Surrogate: GP posterior \((\mu_t(x),\sigma_t^2(x))\) after \(t\) queries.
Acquisition \(a_t(x)\) selects next query \(x_{t+1}=\arg\max_x a_t(x)\).
Trade-off: exploration (high \(\sigma_t\)) vs exploitation (high \(\mu_t\)).

Upper Confidence Bound (UCB)

Optimism in face of uncertainty (OFU): \[x_{t+1}=\arg\max_x \mu_t(x)+\beta_{t+1}^{1/2}\,\sigma_t(x).\]
\(\beta_t\) controls confidence width; choose schedule to guarantee \(f(x)\in[\mu_t(x)\pm\beta_t^{1/2}\sigma_t(x)]\) with high prob.
Bayesian setting: \(\beta_t = 2\log\frac{|\mathcal{X}|\pi^2 t^2}{6\delta}\) (finite domain). Frequentist: \(\beta_t= B + 4\sigma_n\sqrt{\gamma_{t-1}+1+\ln(1/\delta)}\) when \(f\) bounded in RKHS (Theorem 9.3).
Regret bound \(\mathcal{O}(\sqrt{T\beta_T\gamma_T})\) where \(\gamma_T\) is information gain of kernel (RBF: \(\gamma_T=\tilde{\mathcal{O}}((\log T)^{d+1})\)).

Figure 2: Upper-confidence bound acquisition scores for \(\beta=0.25\) (left) and \(\beta=1\) (right).

As Figure 2 illustrates, confidence tubes widen on sparse data, making the optimism term explicit.

Improvement-based acquisition

Maintain incumbent best \(\hat{f}_t=\max_{\tau\le t} y_\tau\).
Probability of improvement (PI): \[a_t^{\mathrm{PI}}(x)=\Phi\Big(\frac{\mu_t(x)-\hat{f}_t-\xi}{\sigma_t(x)}\Big)\] with exploration parameter \(\xi\ge0\) (larger \(\xi\) encourages exploration).
Expected improvement (EI): \[a_t^{\mathrm{EI}}(x) = (\mu_t(x)-\hat{f}_t-\xi)\Phi(z) + \sigma_t(x)\phi(z),\quad z=\frac{\mu_t(x)-\hat{f}_t-\xi}{\sigma_t(x)}.\] Closed form for Gaussian surrogate; often optimize \(\log\text{EI}\) to avoid flatness.
Both rely on Gaussian predictive distribution; for non-Gaussian surrogates use quadrature or MC.

Figure 3: Probability of improvement (PI) and expected improvement (EI) acquisition functions.

As Figure 3 shows, PI saturates once \(\mu_t\) exceeds the incumbent, whereas EI still values high-variance points — the ridge over \(\hat{f}_t\) remains.

Thompson sampling / probability matching

Sample function \(\tilde{f}\sim\mathcal{GP}(\mu_t,k_t)\) and pick \(x_{t+1}=\arg\max_x \tilde{f}(x)\).
Equivalent to sampling from probability of optimality distribution \(\pi(x)=\Pr[\tilde{f}(x)=\max_x \tilde{f}(x)]\).
Implement via random Fourier features or basis projection to draw approximate GP sample.

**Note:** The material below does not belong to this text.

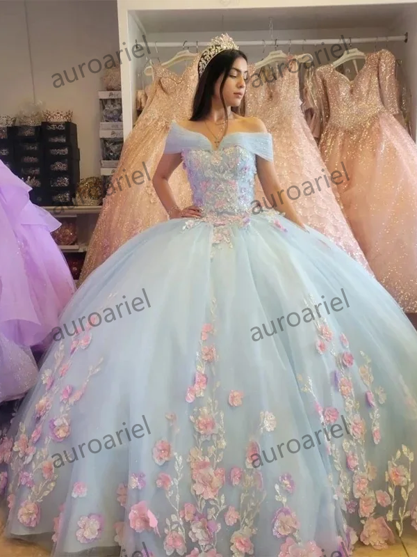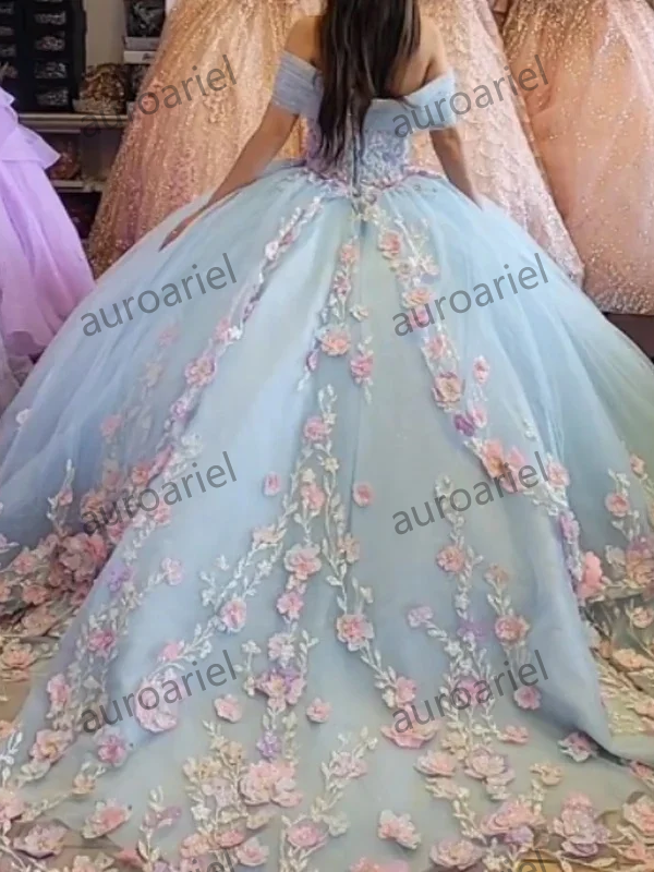 Blue Quinceanera Dresses With 3D Pink Lace Appliques Beading Ball Gown

Exploratory design connections

MI view: \(\Delta_I(x)=\tfrac{1}{2}\log(1+\sigma_t^{-2}(x)\sigma^2_{\varepsilon})\) for GP ⇒ UCB/EI can be seen as MI proxies.
Knowledge gradient / information-directed sampling combine expected reward improvement with information gain.
Acquisition trade-offs often tuned by schedule \(\beta_t\), \(\xi_t\), or entropy regularization.

Optimization of acquisition

Non-convex; in low \(d\) use dense grids + local optimization, in higher \(d\) use multi-start gradient ascent, evolutionary strategies, or sample-evaluate heuristics.
Warm-start new acquisition maximization from previous maximizers.
Constraints: handle by penalizing infeasible points or modeling constraint GP.

Practicalities

Hyperparameters: re-optimize GP kernel parameters via marginal likelihood after each few observations; rely on priors to avoid overfitting small data.
Noise estimation: inaccurate noise variance breaks UCB/EI calibration.
Batch BO: choose multiple points per round via fantasizing or \(q\)-EI/TS.
Termination: when acquisition near zero or budget exhausted.

Links forward

UCB-style optimism echoes exploration bonuses in RL.
Thompson sampling in model space mirrors ensemble sampling strategies for world models.
Entropy-based acquisition sets the stage for maximum-entropy RL.